Y eso no es lo peor. El elemento más pernicioso de la película es el personaje que está en el centro moral del filme: un paquistaní bello, modesto y generoso que se convierte en un bello, modesto y generoso… terrorista suicida. En su acto final, El Puro, vestido en las más inmaculadas ropas blancas, coge su lanza cargada de explosivos y arremete contra su objetivo. Es una reedición de la lancha real que arremetió contra el USS matando a 17 marinos americanos sólo que en “Syriana” el objetivo es otro símbolo del imperialismo americano en el Medio Oriente: una nueva terminal de gas licuado.

 

La explosión, que tendría la fuerza de una bomba nuclear, constituye la cúspide moral de la película, su clímax, cuando El Puro vestido de blanco choca contra la gran pared blanca de la Terminal. En ese momento, toda la pantalla se vuelve blanca. Y reverentemente silente.

 

En mi ingenuidad, yo creía que Hollywood había llegado a su nadir con la “JFK” de Oliver Stone, una película que le enseño a una generación de americanos que el presidente Kennedy fue asesinado por la CIA y el FBI en

Colaboración con Lyndon Johnson.

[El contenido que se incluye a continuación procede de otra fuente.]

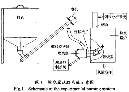 本試驗(yàn)所用的裝置如圖1所示,整個(gè)系統(tǒng)由料倉(cāng)、螺旋輸送器、燃燒器、熱水鍋爐、煙氣分析系統(tǒng)和測(cè)量控制系統(tǒng)等組成。其中,燃燒系統(tǒng)選用從瑞典引進(jìn)的PelleX生物質(zhì)顆粒燃料自動(dòng)燃燒器,熱輸出為10~25kw;燃燒效率約為90%;點(diǎn)火功率消耗約為400w;運(yùn)行時(shí)功率消耗約為40w。該燃燒器的喂料方式為上進(jìn)料式,具有燃燒器與料倉(cāng)分離、回火危險(xiǎn)小、可根據(jù)功率要求保證精確定量進(jìn)料等優(yōu)點(diǎn)。

Pero, por lo menos, era para consumo interno, un asunto doméstico que sólo tenía un interés marginal para otros países. “Syriana,” por el contrario, es para exportación. Esta diseñado para trasmitirle a un mundo receptivo las mentiras más miserables y perniciosas sobre Estados Unidos.

 

La mayor parte del “liberalismo” es un sentido de culpa y un angst buscando equivalencias morales en todas partes. “Syriana” es otra cosa. Es una variedad patológica que hierve en su maligno antiamericanismo. Osama bin Laden no pudiera haber escrito un guión más apasionado.